Health data is sensitive. Research environments are highly regulated. Clinical workflows are complex. Collaboration often extends across organizations. A promising AI tool may need validation, workflow integration, privacy review, regulatory consideration, procurement planning, commercialization support and sustained operational capacity before it can be used more broadly.

Isabelle Tanguay, Senior Lead Strategist, IT and Partner Relations, joined the Faculty of Medicine to support its digital transformation and help shape the technology direction needed for that environment. Her work is focused on the systems, relationships and infrastructure that can support medicine, research, education and hospital collaboration over the long term. That includes the idea of a trusted AI ecosystem: an environment where people, data, platforms, governance, infrastructure and partnerships work together to support innovation, particularly in settings where privacy, security and trust are essential. 

“In the Faculty of Medicine, research, education, clinical partnerships and innovation are deeply connected,” says Tanguay. “Our focus is on creating an ecosystem that gives people trusted foundations and the additional supports medicine requires, while enabling innovation to happen close to the expertise and the problems being solved.”

For the Faculty of Medicine, this is not only a technology conversation. It is about creating the digital environment needed to support researchers, educators, clinicians, learners and partners as they use AI to address real health care challenges. That includes education and training, responsible use, data readiness, infrastructure, collaboration and support for innovation that may eventually move into practice or the marketplace.

The work underway points to a practical reality for academic medicine: AI will not advance through tools alone. Researchers, educators, clinicians, learners and staff need the knowledge, supports, data environments and infrastructure to use those tools well.

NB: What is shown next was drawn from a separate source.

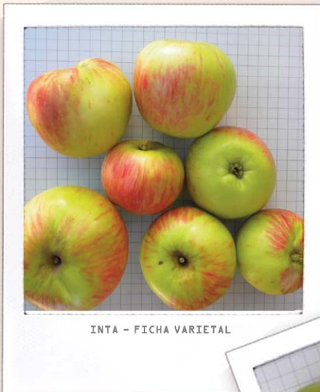
INTA - FICHA VARIETAL

For uOttawa, the next phase is about building that capacity in a coordinated way. The institution-level work is helping people access tools, training and guidance. The Faculty of Medicine’s digital transformation work is focused on the more specialized environment of medical research, education, clinical partnerships and health innovation. Together, these efforts are helping create the conditions for AI to support stronger research, better education, responsible innovation and, over time, solutions that can improve health systems and patient care.